• _Activity_: All that is wanted is the exact lines from the first line of the data below through the line with "熊本市龍田中学校がアマゾンほしい物リストで600万円分をおねだりして炎上 一眼レフカメラやビデオカメラなど |", both ends included, with pictures omitted.

• _Dataset excerpts_:
== Segment start ==

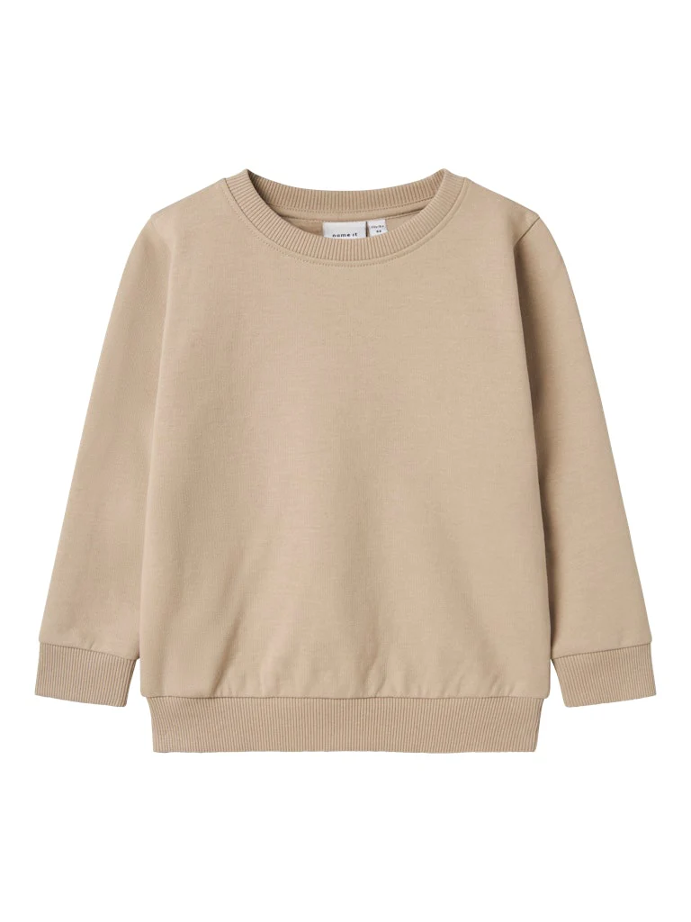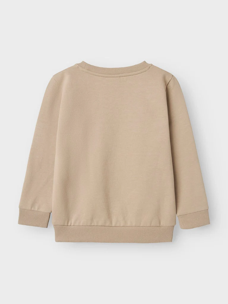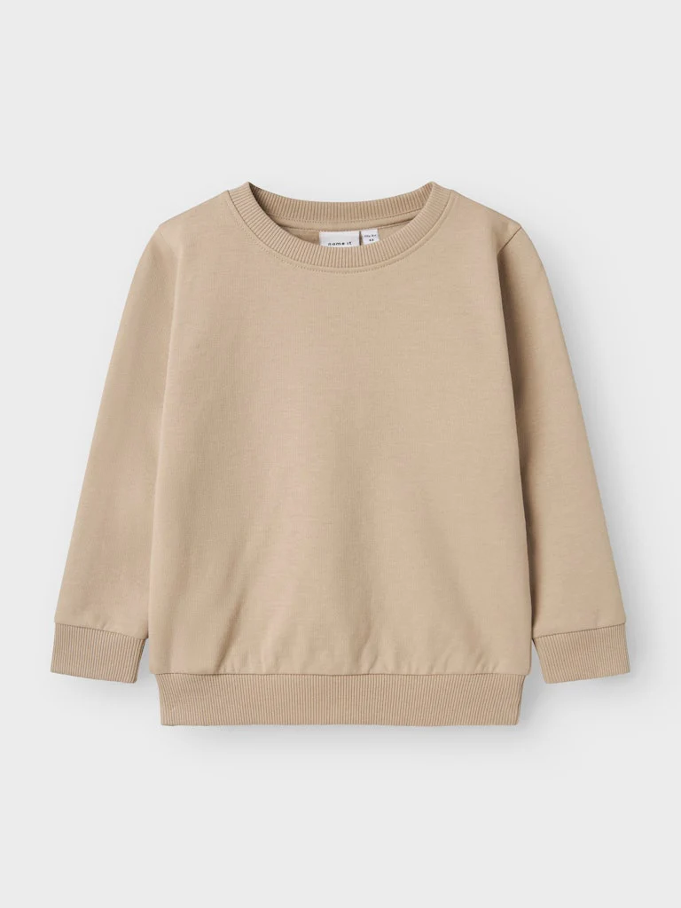 Den här beige sweatshirten är tillverkad i borstad sweatshirtkvalitet med mjuk insida som känns skön mot huden hela dagen. Den neutrala färgen gör den lätt att matcha med allt från leggings till jeans, och den klassiska passformen med ribbade muddar ger både stil och rörelsefrihet. En mångsidig favorit för både förskola och familjeutflykter.
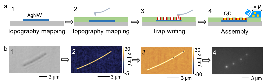 图3 量子点-银纳米线异质结构的制备 a)制备过程示意图 b1)单根银纳米线光镜照片 b2)对应的银纳米线形貌扫描图 b3)在银纳米线顶部制备微结构 b4)组装量子点后的荧光图像
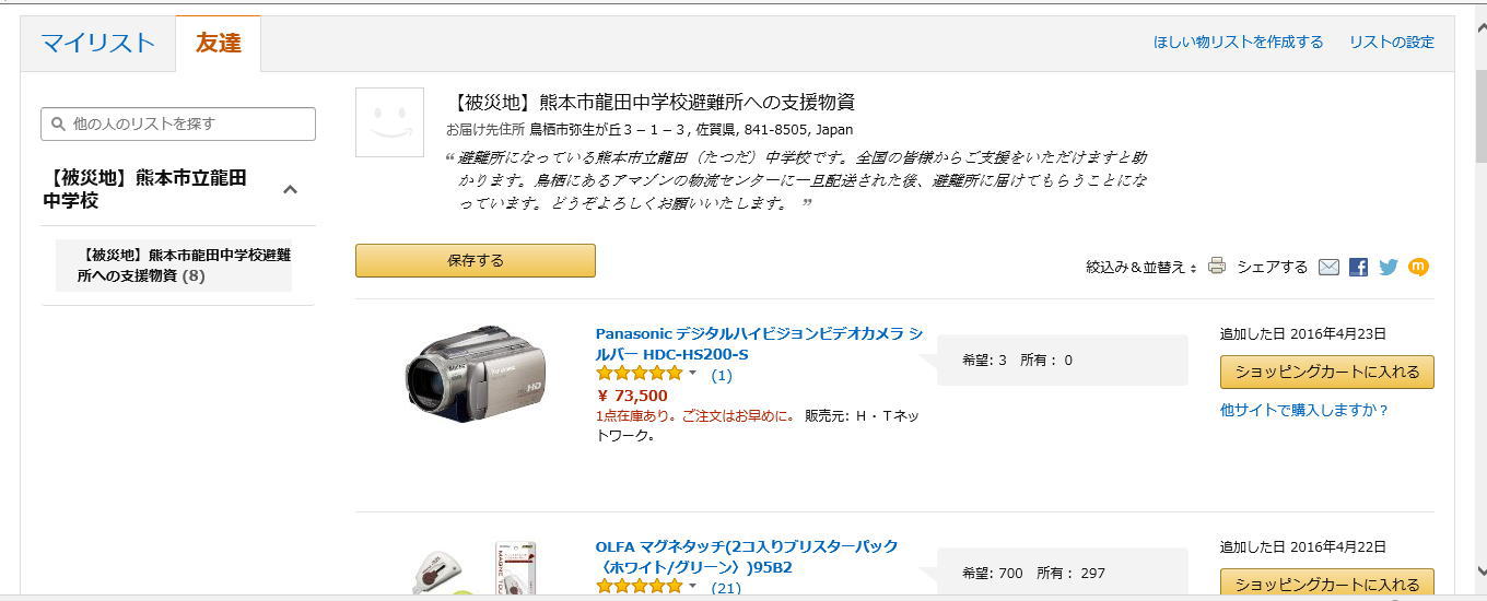 熊本市龍田中学校がアマゾンほしい物リストで600万円分をおねだりして炎上 一眼レフカメラやビデオカメラなど | ゴゴ通信gogotsu.comアマゾンで熊本地震で被害に遭われた方のほしい物リストが公開されている。これはアマゾンジャパンが被災地を支援するための措置としてほしい物リストを活用して今足りない物を届けて貰おうというもの。「ほしい物リスト」とはアマゾンのシステムで、貰う側は金銭の負担は無く送る側が支払い相手にプレゼントすることが出来るシステム。貰う方は送り先も開示する必要なく、「ほしい物リスト」を介してアマゾンが発送を行う。
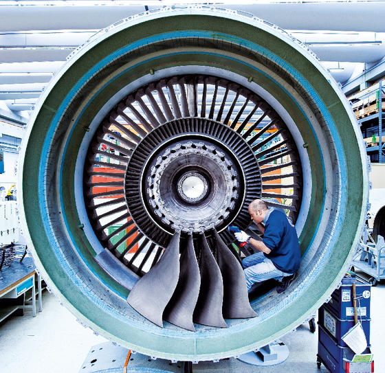 Vor diesem Hintergrund verwundert es nicht, dass Flugzeugbauer und ihre Zulieferer zu den ersten Anwendern additiver Fertigung gehören. Vorerst begründen Airbus und Boeing den Einsatz mit Gewichts- und Kostenvorteilen. Der 3D-Druck erlaubt ihnen bionische Konstruktionen mit dem Werkstoff Titan, die bis zu zwei Drittel Gewicht sparen und bisher nicht oder nur mit hohem Kosten- und Materialaufwand zu fertigen waren. Während solche additiv gefertigten Strukturbauteile im gesamten Flugzeug verteilt sind – bei Boeing sind es über alle Flugzeugtypen hinweg schon über 20 000 solcher Komponenten – setzen auch Triebwerkbauer verstärkt auf schichtende Verfahren. So realisiert GE Aviation Einspritzdüsen per 3D-Druck aus einem Teil, die bisher aus 30 Einzelteilen montiert werden mussten. Obendrein sind sie 25 % leichter und halten den hohen Temperaturen im Triebwerk besser stand.
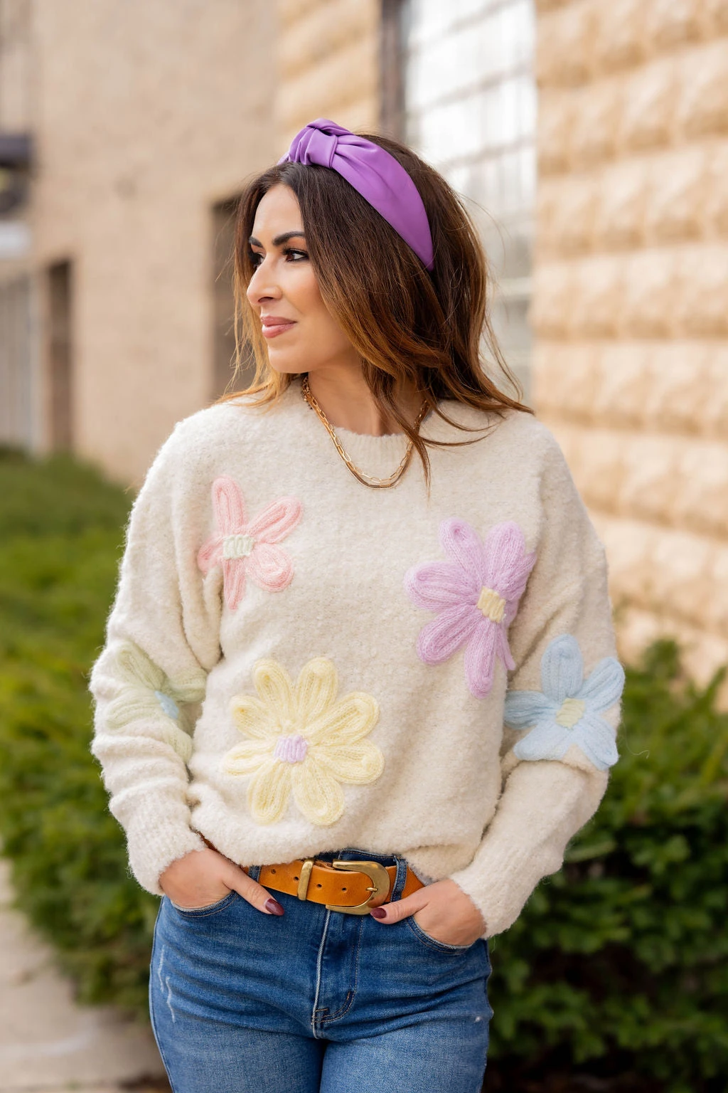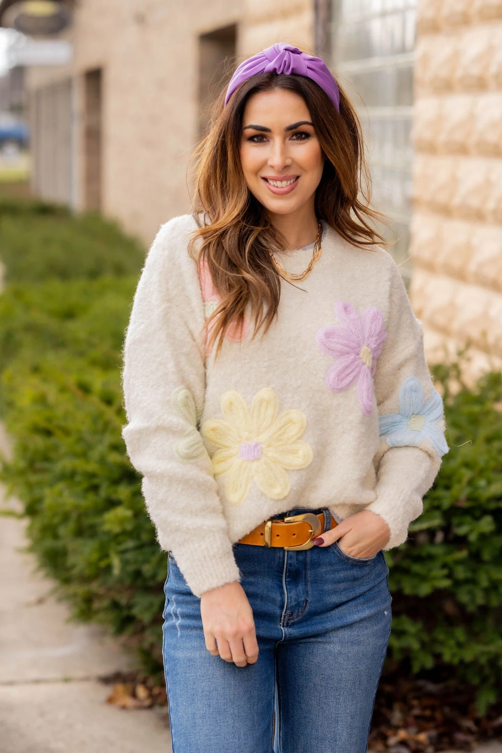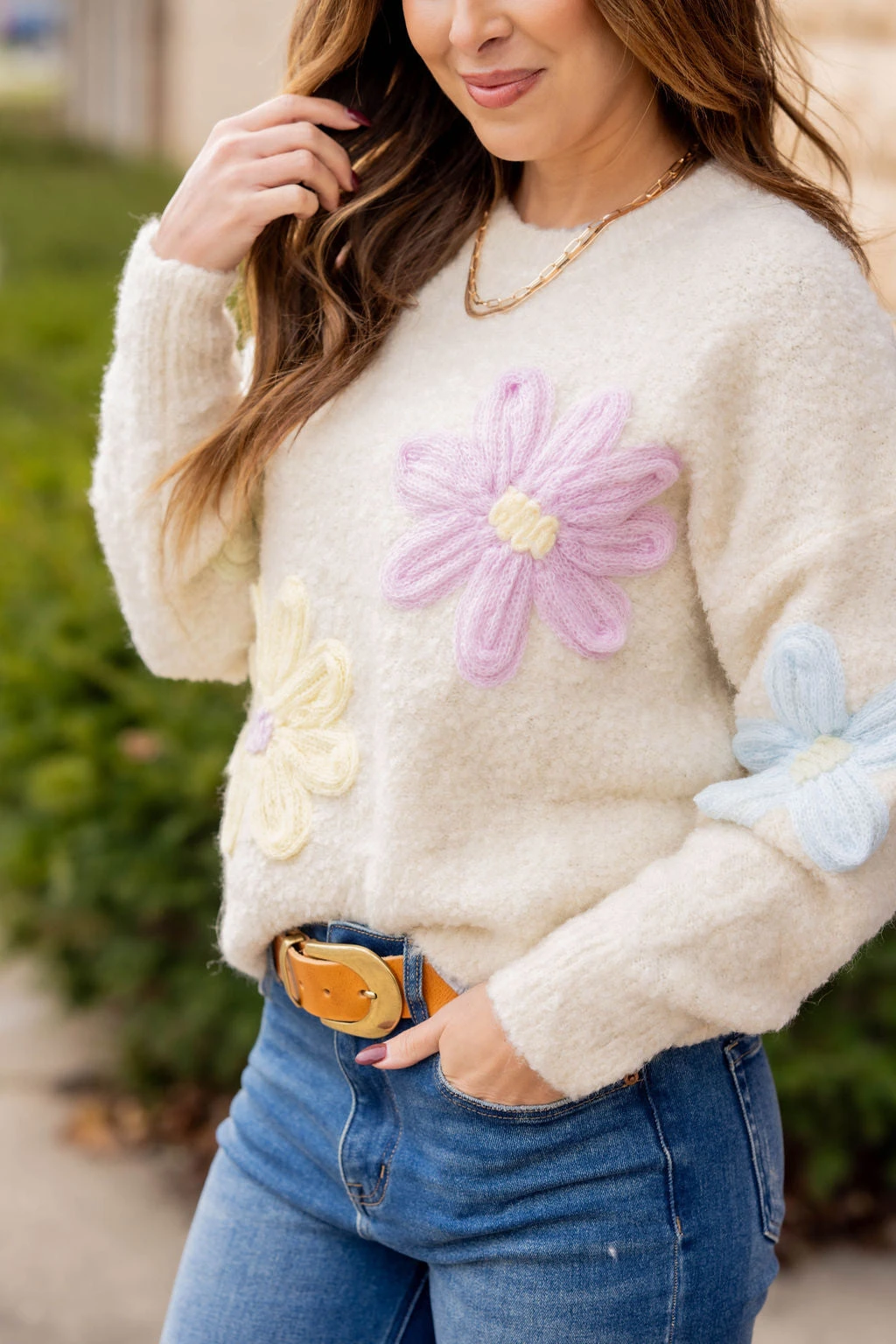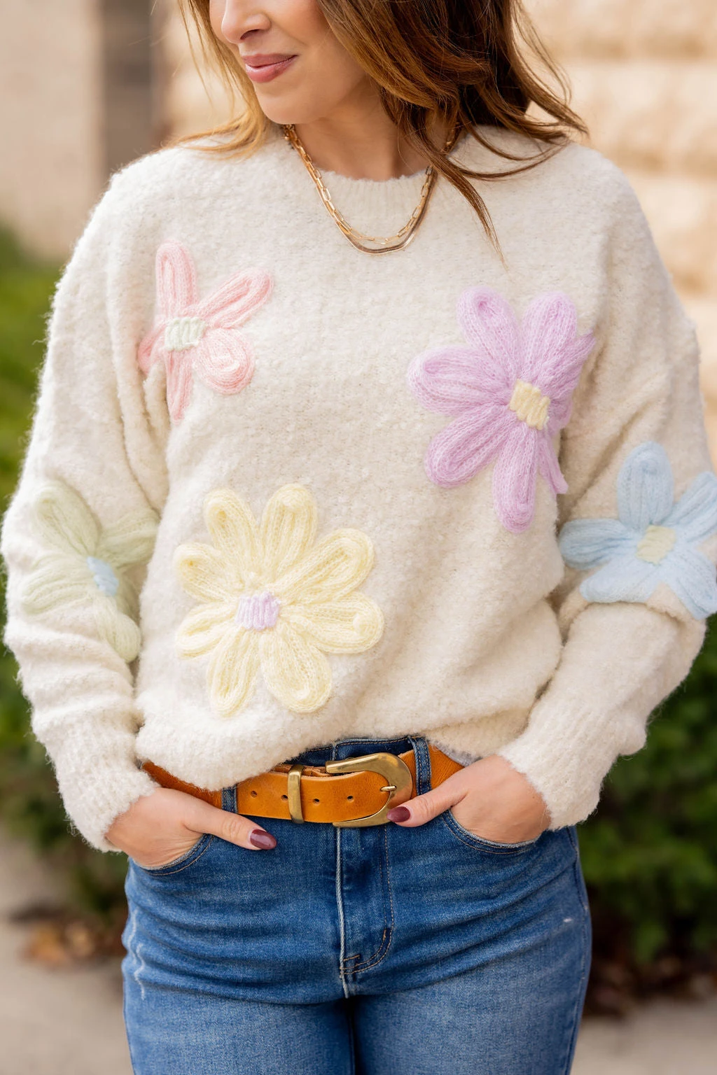 Get ready for Spring with this beautiful and super soft floral sweater! The super soft material is accented with fun pastel flowers to give it that Spring vibe! Pair with a skirt, your favorite denim, joggers, or our Betsey’s Jeggings! Chilly? Add a vest or shacket with ease!
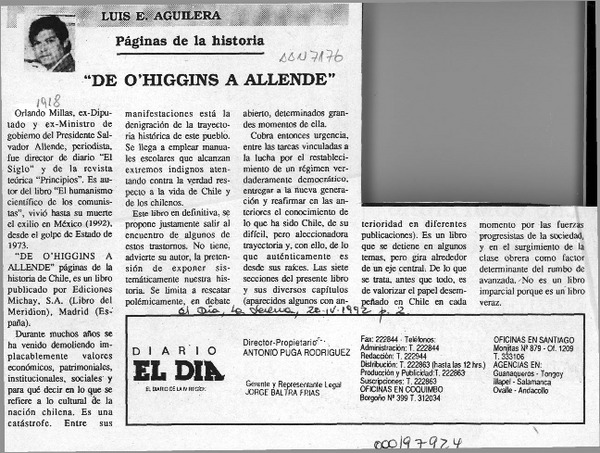 "De O'Higgins a Allende" [artículo] Luis E. Aguilera.
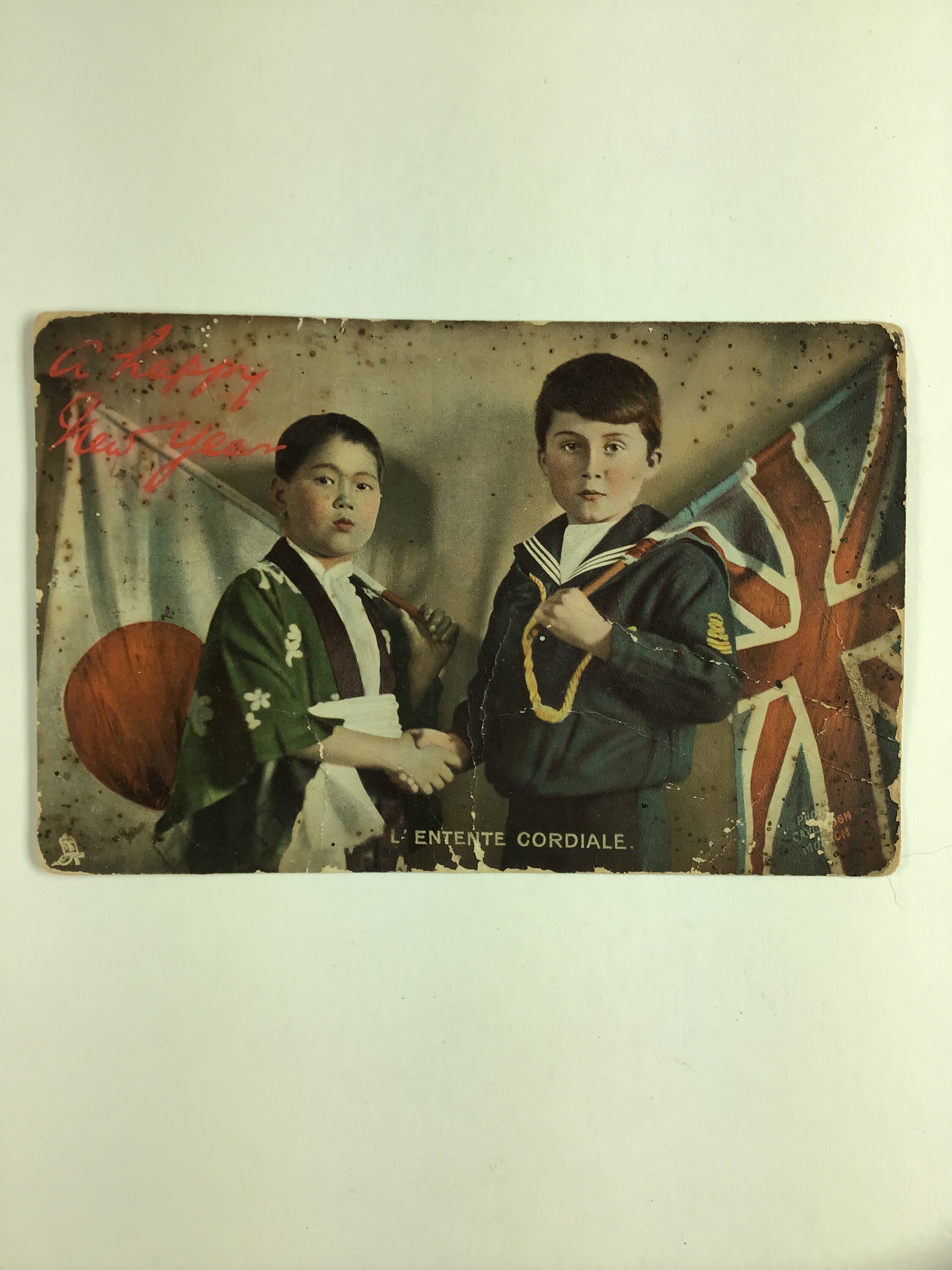 Coloured postcard featuring a Japanese child wearing traditional clothing and British child in naval uniform holding their national flags and shaking hands.
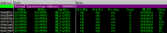 这里总共有10列,分别是handler的地址,再讲第二个含义之前我先解释一下,三个轮转的寄存器,分别是ebp,esi,DispatcherReg。这里的ebp是根据2.x版本得出的,在他之前ebp寄存器始终都是用于存放临时变量的相当于esp,esi用于存放伪代码指针,DispatcherReg是3.x版本开始有的,这里刚好edi可以用,那么esp始终指向虚拟寄存器块,在这个版本这三个寄存器过段时间就会轮转,所以我们分析的时候,首先要确定他们的职责,介绍完了,我们看第二列就是handler执行前ebp的值,第三列是执行后的值,第四列是handler名称,第五六七列就是前面说的这三个寄存器现在对应的寄存器,第八列是这条handler执行前,前面执行了多少次,这对于定位代码非常有用,记得以前分析2.x版本的时候一条handler可以对应多个伪代码,是一对多,现在是多对多,执行同一个功能的handler可以有好多个,第九列就是对应伪代码的地址了,第十个是解密出来的虚拟寄存器编号或者常数的值。前面说了这个寄存器轮转就发生在VM_JmpEntry这个handler里面,从名字我们就可以看到他其实是以前的VmEntry,也只有VmEntry才对寄存器进行重新分配,还有一个VM_JmpEntry2,这个handler是镶嵌在VM_JmpEntry里面的,但是他的起始地址是在,举个例子

== Segment end ==

• _Reply to the exercise_:
 Den här beige sweatshirten är tillverkad i borstad sweatshirtkvalitet med mjuk insida som känns skön mot huden hela dagen. Den neutrala färgen gör den lätt att matcha med allt från leggings till jeans, och den klassiska passformen med ribbade muddar ger både stil och rörelsefrihet. En mångsidig favorit för både förskola och familjeutflykter.
 图3 量子点-银纳米线异质结构的制备 a)制备过程示意图 b1)单根银纳米线光镜照片 b2)对应的银纳米线形貌扫描图 b3)在银纳米线顶部制备微结构 b4)组装量子点后的荧光图像
 熊本市龍田中学校がアマゾンほしい物リストで600万円分をおねだりして炎上 一眼レフカメラやビデオカメラなど | ゴゴ通信gogotsu.comアマゾンで熊本地震で被害に遭われた方のほしい物リストが公開されている。これはアマゾンジャパンが被災地を支援するための措置としてほしい物リストを活用して今足りない物を届けて貰おうというもの。「ほしい物リスト」とはアマゾンのシステムで、貰う側は金銭の負担は無く送る側が支払い相手にプレゼントすることが出来るシステム。貰う方は送り先も開示する必要なく、「ほしい物リスト」を介してアマゾンが発送を行う。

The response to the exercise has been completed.